Reconciliation Refactor

The current reconciliation pipeline has accumulated complexity after several rounds of fixes for truncate behaviour, optimistic rebasing, and duplicate-suppression bugs. Maintaining it has become risky: much of the flow is synchronous/CPU-bound but still entwined with batching flags and per-key delete replays for truncates, making the code brittle even without heavy IO. This plan aligns the system around a simpler contract—explicit truncate events, a single optimistic rebase path, and a shared change stream—so we can reason about the data flow, reduce footguns, and unblock future improvements.

1. Goals & Scope

  • Reduce reconciliation complexity while preserving correctness guarantees: no missing/phantom events, consistent indexes, stable lifecycle state.
  • Unify the change stream for live queries and index maintenance, adding explicit truncate semantics.
  • Keep optimistic UI responsive with a predictable, easy-to-audit rebasing routine.
  • Make the observable behaviour for insert/update/delete compatible with today’s tests, while documenting any intentional relaxations (e.g. allowing extra update noise when values truly change).

Out of scope: rewriting transaction orchestration, changing persistence APIs, or altering subscription filtering beyond what the new event contract requires.

2. Change-Event Contract

  1. Extend ChangeMessage.type to insert | update | delete | truncate.
    • truncate has shape { type: 'truncate', metadata? } with no key, value, or previousValue.
    • insert/update/delete retain their current fields.
  2. CollectionChangesManager.emitEvents and CollectionSubscription.filterAndFlipChanges treat truncate as a stream-wide reset:
    • emit it immediately (bypass deferral—don't wait for pending sync transactions),
    • skip key-based flipping logic,
    • allow subsequent inserts in the same batch (from the same commit),
    • expect subscriptions to clear caches and live queries to resnapshot on receiving truncate.
  3. Indexes gain a reset() entry point so a single truncate clears their internal state before replaying subsequent inserts.
  4. Live-query consumers clear their local caches and resnapshot on truncate rather than depending on synthetic delete batches.
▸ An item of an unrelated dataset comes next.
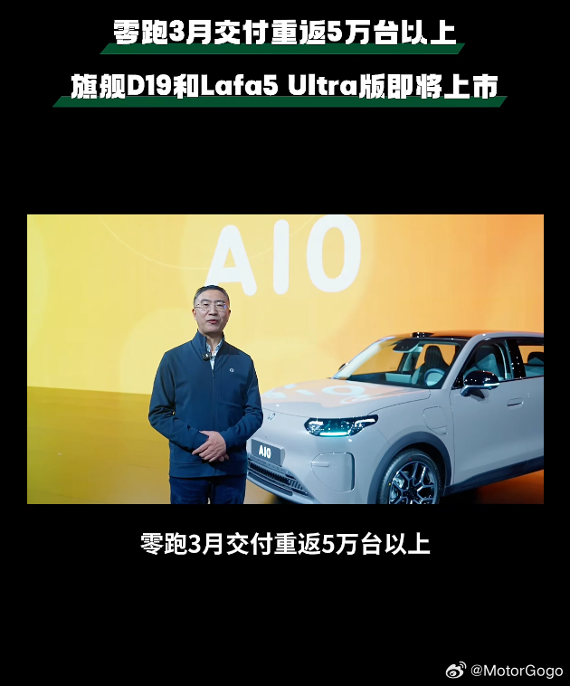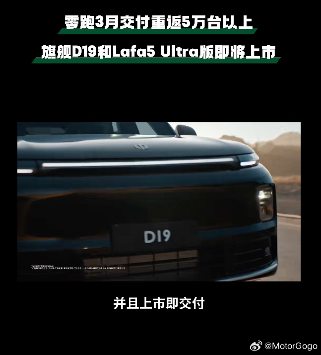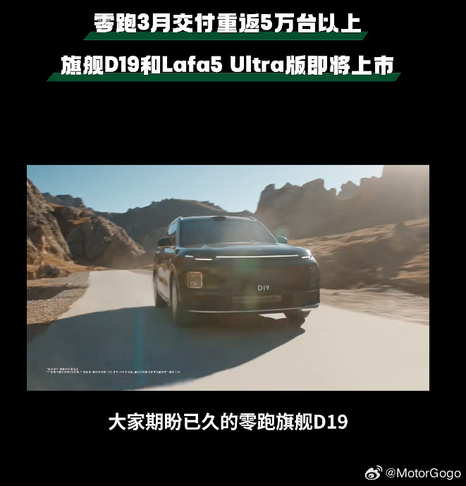 零跑 3 月份重返 5 万台的销量成绩,朱江明特意拍了一个视频公布 3 月份交付成绩,同时还预告了接下来 4 月份上市的两款新车:Lafa5 Ultra 以及全新的 D19,两台车都是「上市即交付」!

Add regression tests for this behaviour.

3. Core State & Simplifications

  • Retain syncedData, syncedMetadata, transactions, optimisticUpserts, optimisticDeletes, and size.
  • Drop persistent recentlySyncedKeys/lastSyncContext. Callers pass syncedKeys into rebaseOptimistic; for sync commits this set equals the keys present in syncedDiff.
  • During a sync commit build syncedDiff: Map<TKey, { before?: TOutput; after?: TOutput }> while applying server operations. This map drives event generation, duplicate suppression, and provides syncedKeys for the optimistic pass.
  • Capture visibleBeforeByKey per commit (by calling this.get(key) before applying changes). No long-lived map required.

4. High-Level Flow

4.1 Local transaction changes

  1. Transaction mutates → onTransactionStateChange fires.
  2. shouldBatchEvents = pendingSyncedTransactions.length > 0 (unchanged heuristic).
  3. Invoke rebaseOptimistic({ reason: 'local-change', truncate: false, syncedKeys: emptySet, syncedDiff: null }).
  4. Using the returned events: update size, call indexes.updateIndexes(events), then emit (forceEmit = shouldBatchEvents === false).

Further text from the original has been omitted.